Continuing in the style of a mosaic novel, The Fall kicks off with “Gulpepper Curios”. Once again, we see the town through the eyes of an outsider first, taking the reader on a tour of the town, see the sights, and witness first hand an ever-expanding cast of the Gulp’s denizens. Where Baxter excels in a story like this is making it weird but pulling back a few layers at time, while ultimately not giving too much away. It gives the illusion that the storyteller is learning about the stark horror of this town right alongside you, the reader. And just like real life, there are some mysteries that remain shrouded to all.


The premise of “Cathedral Stack” works as an exploration of a place even the residents of the Gulp are afraid of. For good reason, it turns out. Isolation drizzles fear like gasoline, leaving the tale vulnerable to ignite at any second, and ignite it does. The characters just want to get back to shore, but the stack has other ideas.


“That Damn Woman” may be the strongest story in The Fall, if not the whole Gulpepper saga.
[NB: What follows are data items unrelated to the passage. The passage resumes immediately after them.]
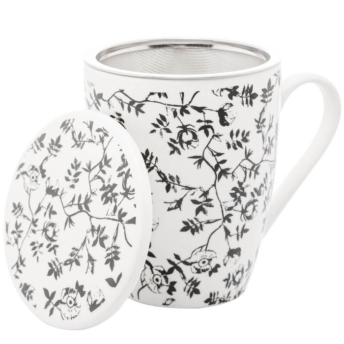 Caneca de Porcelana com Tampa e Filtro Lyor Xícara de Chá 310ml Super White Tiny Flowers
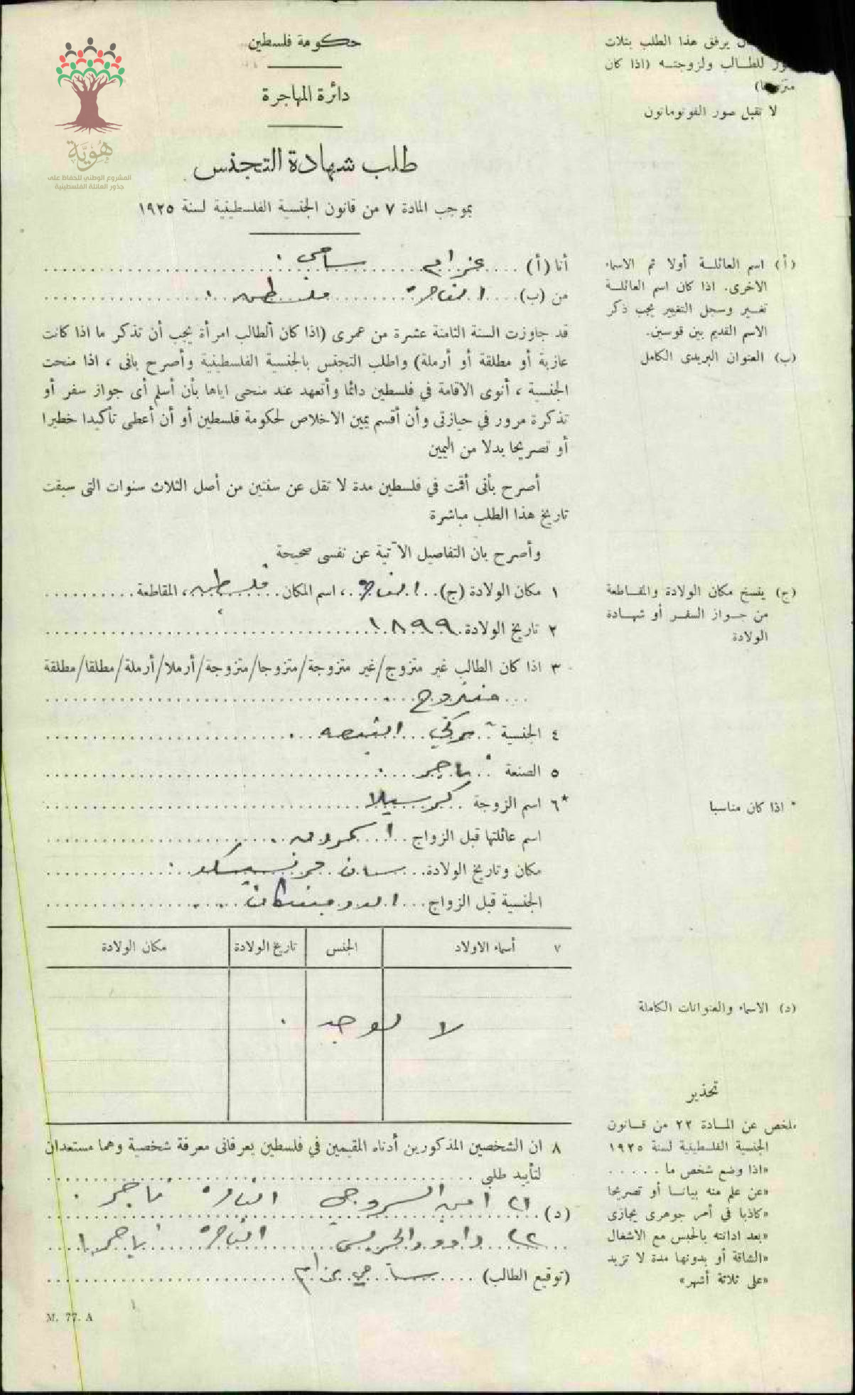 طلب الجنسية الفلسطينية-سامي عزام-الناصرة/دومينيكان
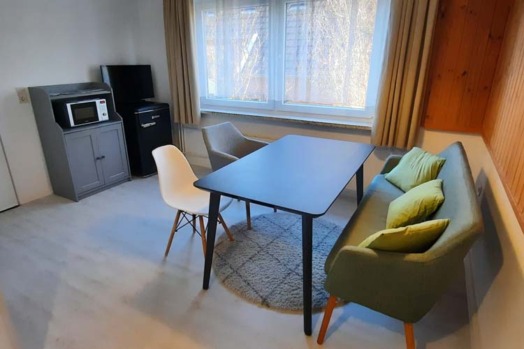 „Pegasus” ist ein Nichtraucher-Apartment mit offener Wohnküche und gemütlicher Sitzecke. Wie unsere anderen Wohnungen auch, erhielt sie im Frühjahr 2021 einen frischen Anstrich, einen neuen Fußboden sowie neue Möbel inklusive einer neuen Küche mit Spülmaschine. Die Bäder haben nun moderne Thermostat-Mischbatterien. Ein Fahrrad zum Einkaufen sowie Bollerwagen für Ausflüge stehen bereit.

Baxter makes no qualms about addressing social issues through his fiction and this story highlights rural Australia’s problems with both domestic abuse and suicide. It does so in a tactful way while telling an intriguing, suspenseful story about a man trying to get away with murder.


Here, we enter the realm of mild spoilers. “Excursion Troop” shares a few commonalities with “Cathedral Stack”, but its strength lies within Baxter’s ability to pull back the curtain to reveal that these interconnected novellas share a little more than just a mycelial network. It’s at this point the reader realizes that the titular story won’t serve as just a final entry, but a neat bow to tie not five, but ten, novellas together. The more left for the reader to discover about the final story, the better, but it’s a fitting ending to the collection.


If you enjoyed The Gulp, you’ll find a lot to like in The Fall; a more than worthy sequel and a phenomenal opportunity for readers to set foot again in this horrifying little town-by-the-sea without having to risk life and limb… or so you may think.